Records from a collection
........
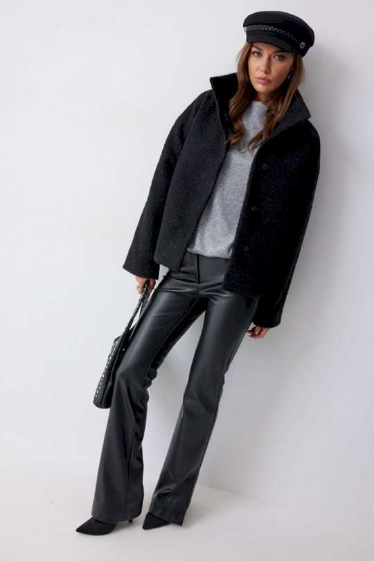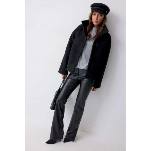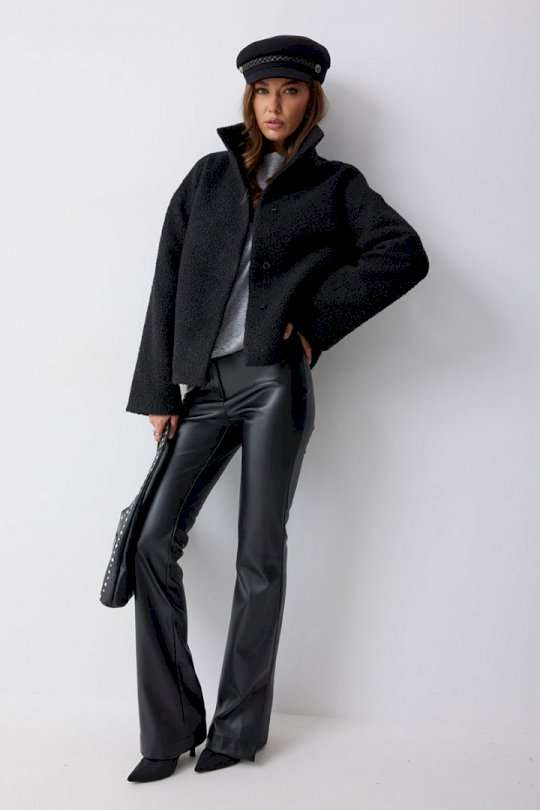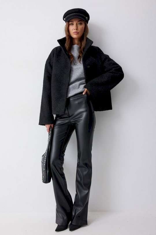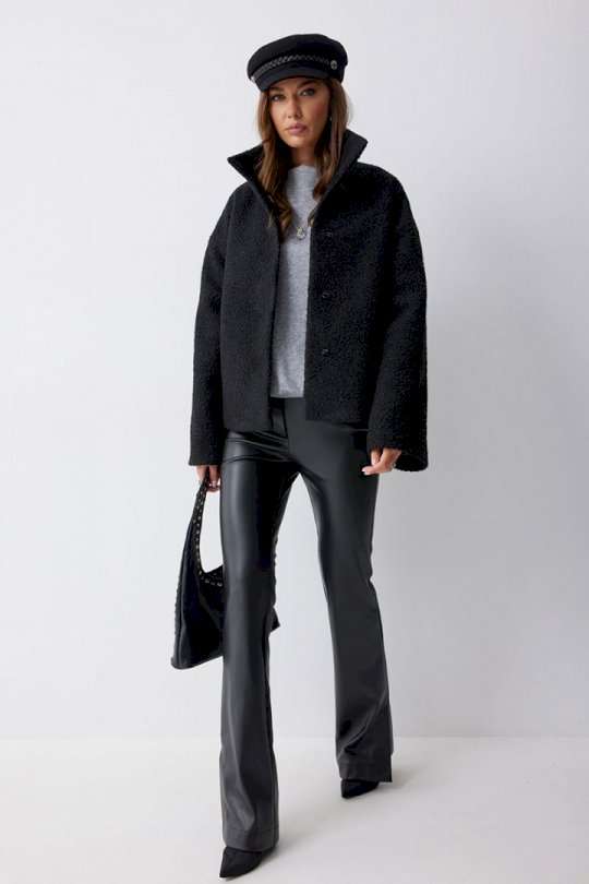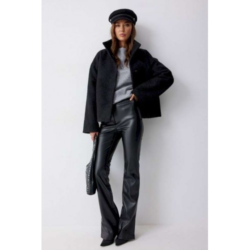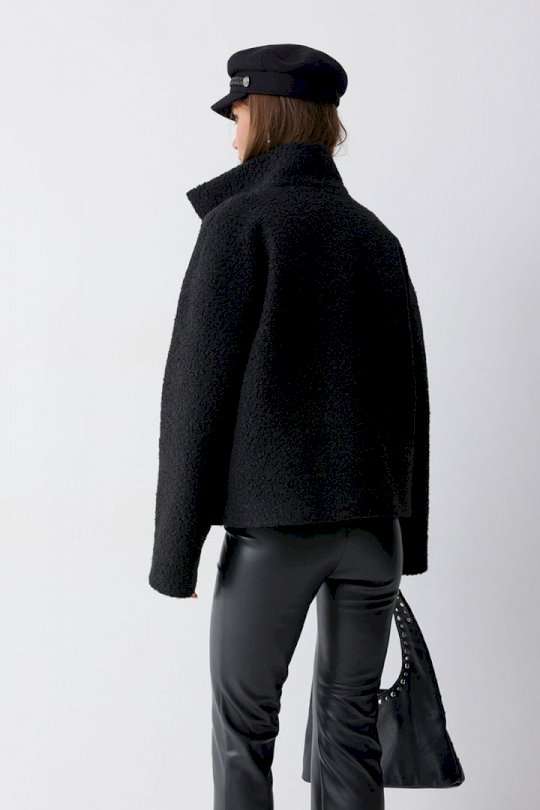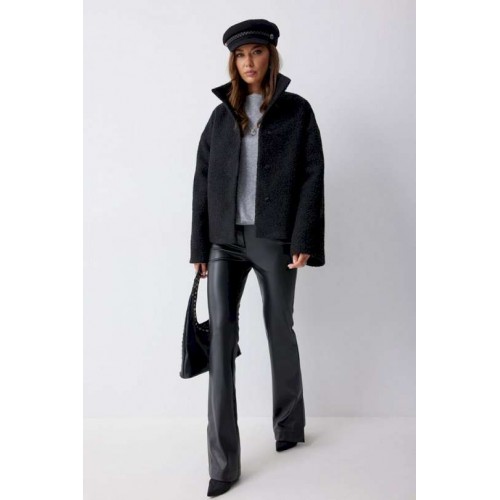 Жакет прямого силуэта из букле на трикотажной основе. Воротник-стойка. Центральная застежка на крючки. Рукав со спущенной линией плеча. По переду прорезные карманы. Жакет на подкладке. Обращаем ваше внимание, что фурнитура может отличаться от фото. Подходит на рост 164-170 см. Длина жакета (44-48р – 59см)(50-54р - 63см). Длина рукава от горловины (44-48р – 74см)(50-54р - 75см).
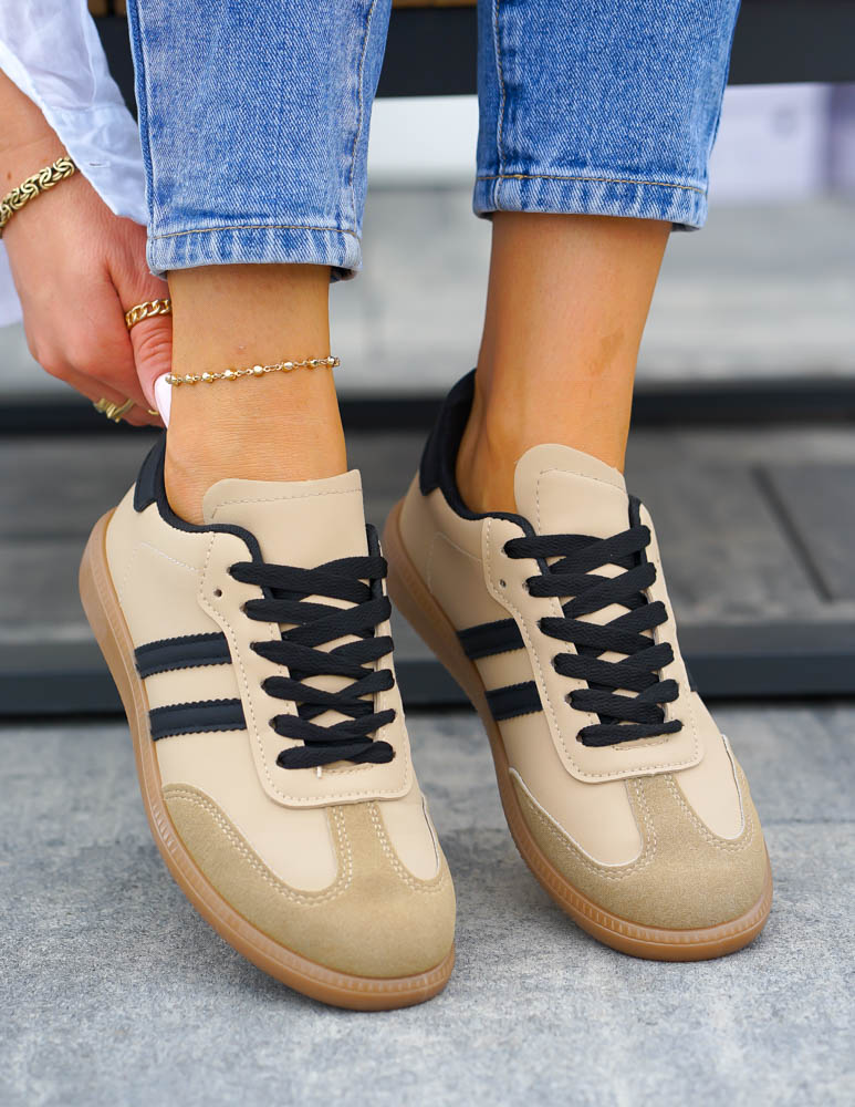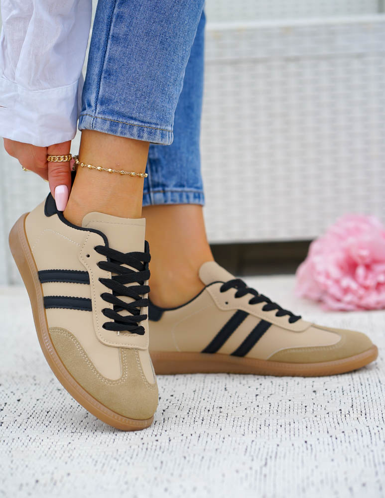 - ❤Ultra kobiece beżowe adidasy z czarnymi wstawkami
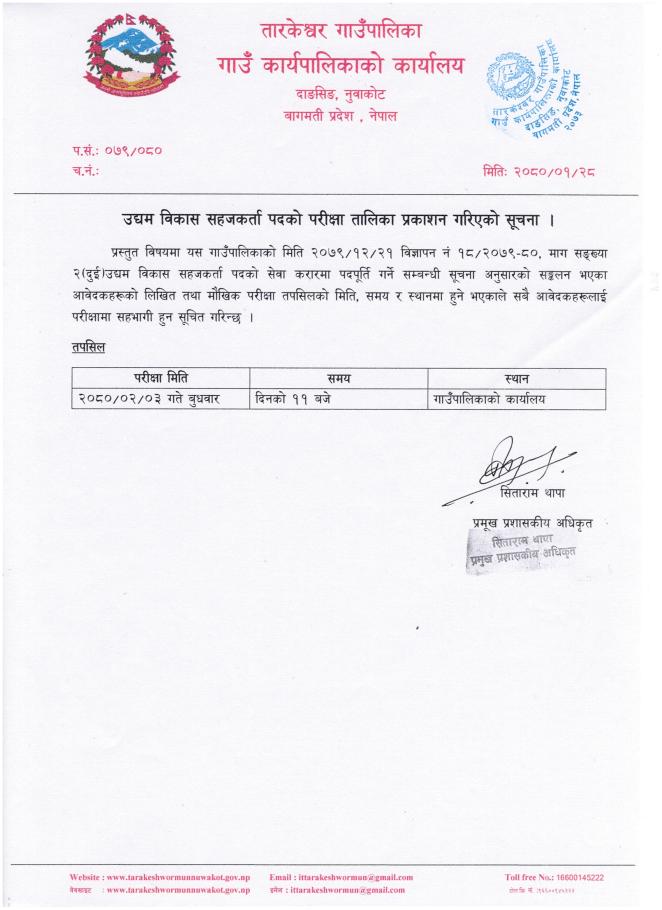 उद्यम विकास सहजकर्ता पदको परिक्षा कार्यक्रम सम्बन्धी सूचना
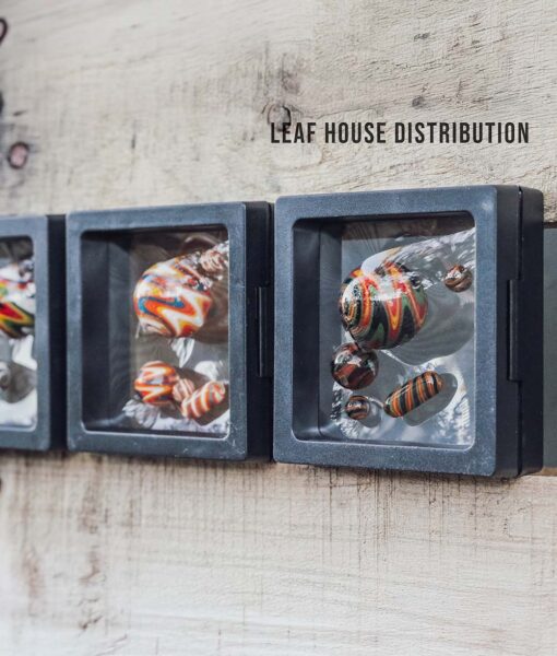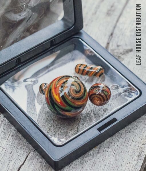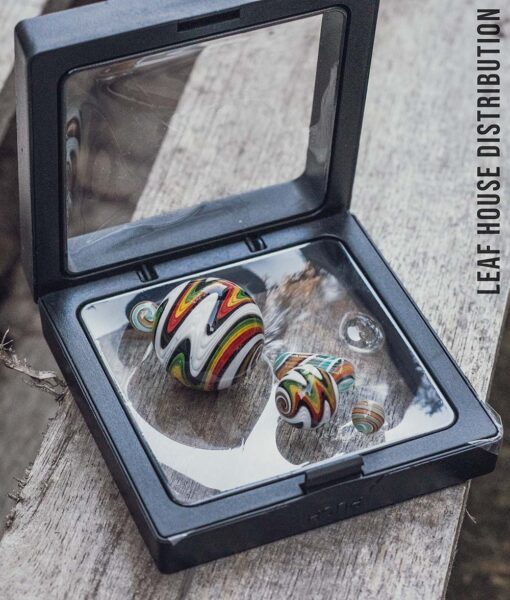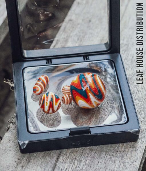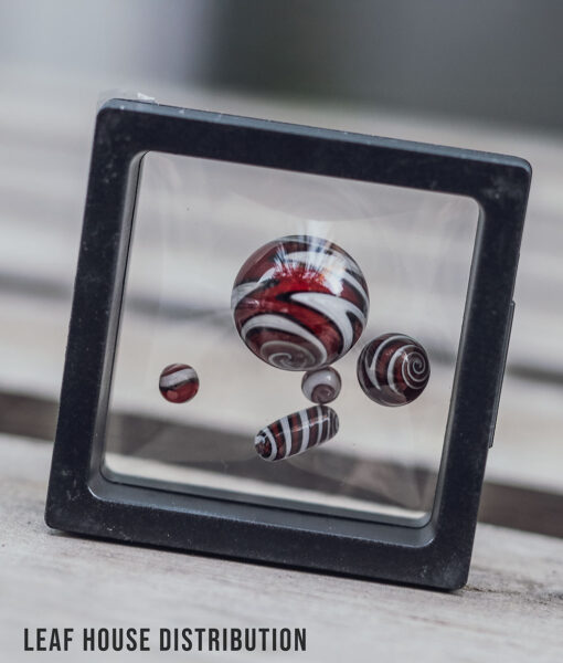 This deluxe set of five handcrafted glass pearls features a dynamic swirl design in vibrant mixed colours. Each set includes a combination of pearl sizes and a cylindrical pillar, presented in a reusable floating display box. Ideal for display or general-purpose configurations where glass pearls of various shapes and sizes are desired.
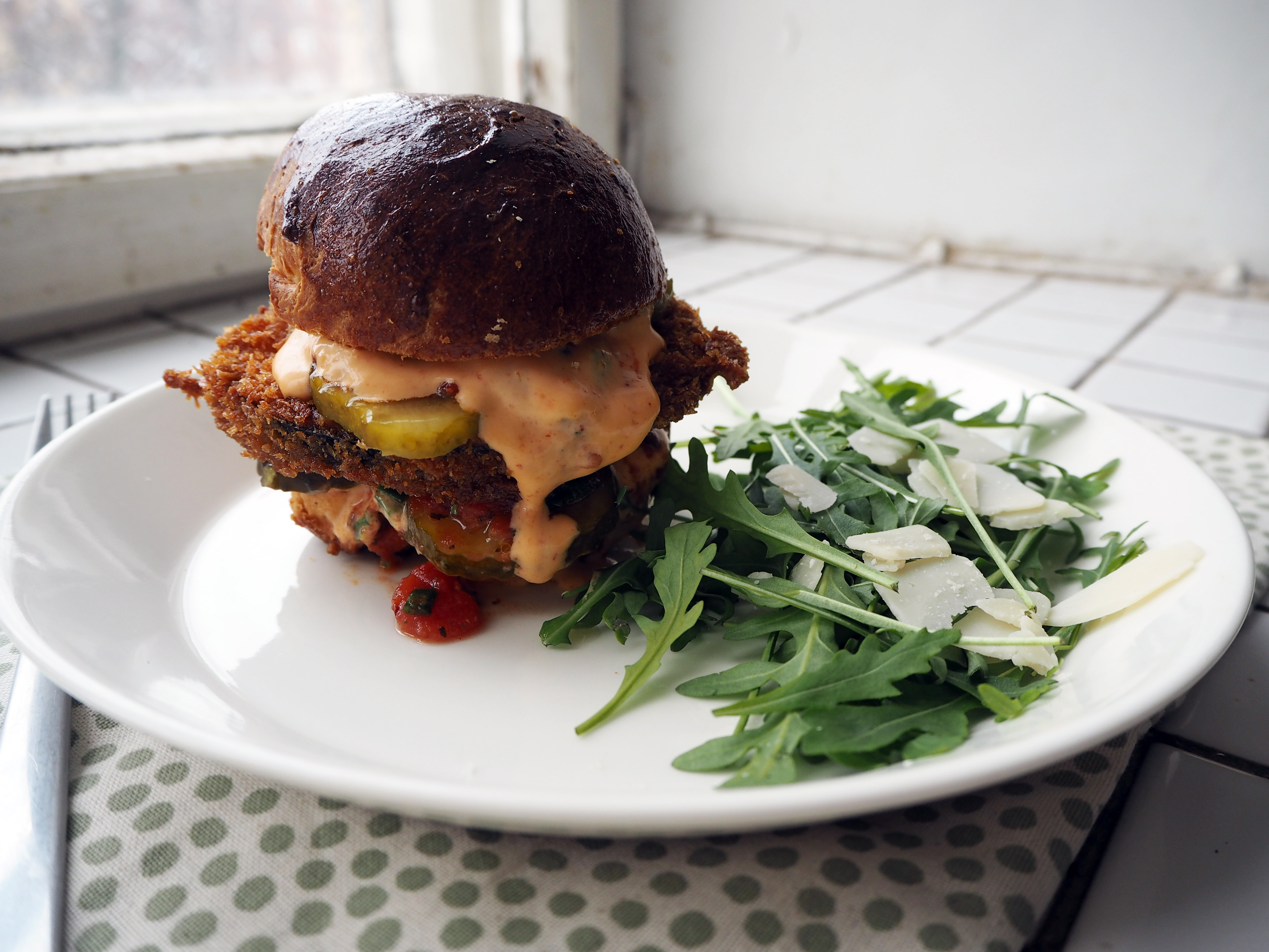 Eggplant Katsu And Brioche Burger With Spicy Hot Sauce
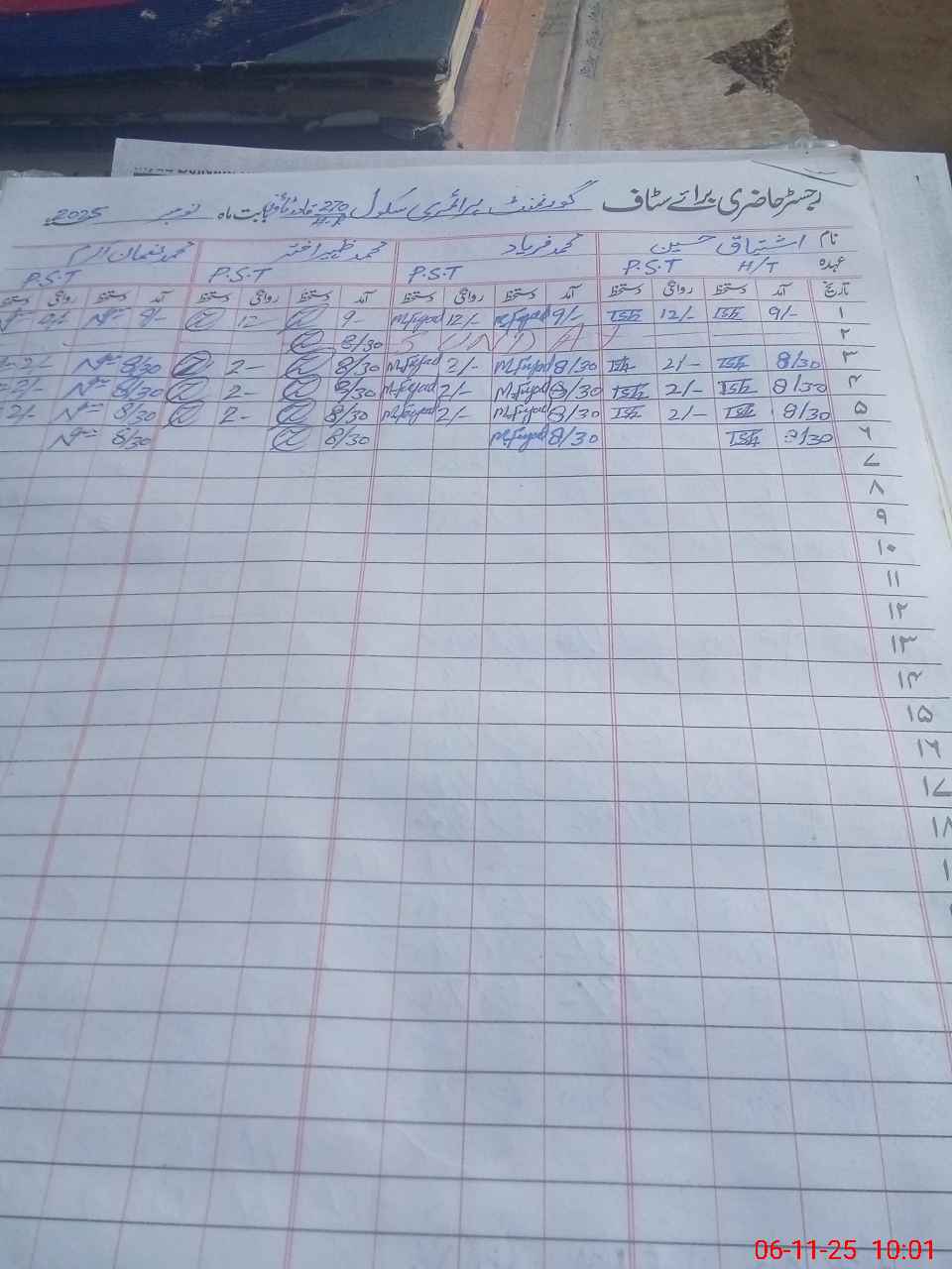 | CNIC | Full Name | Designation | R/C | Absence During Last Calender Month |
........
Problem description
Reproduce each entry exactly, without the pictures.

Problem solution
 Жакет прямого силуэта из букле на трикотажной основе. Воротник-стойка. Центральная застежка на крючки. Рукав со спущенной линией плеча. По переду прорезные карманы. Жакет на подкладке. Обращаем ваше внимание, что фурнитура может отличаться от фото. Подходит на рост 164-170 см. Длина жакета (44-48р – 59см)(50-54р - 63см). Длина рукава от горловины (44-48р – 74см)(50-54р - 75см).
 - ❤Ultra kobiece beżowe adidasy z czarnymi wstawkami
 उद्यम विकास सहजकर्ता पदको परिक्षा कार्यक्रम सम्बन्धी सूचना
 This deluxe set of five handcrafted glass pearls features a dynamic swirl design in vibrant mixed colours. Each set includes a combination of pearl sizes and a cylindrical pillar, presented in a reusable floating display box. Ideal for display or general-purpose configurations where glass pearls of various shapes and sizes are desired.
 Eggplant Katsu And Brioche Burger With Spicy Hot Sauce
 | CNIC | Full Name | Designation | R/C | Absence During Last Calender Month |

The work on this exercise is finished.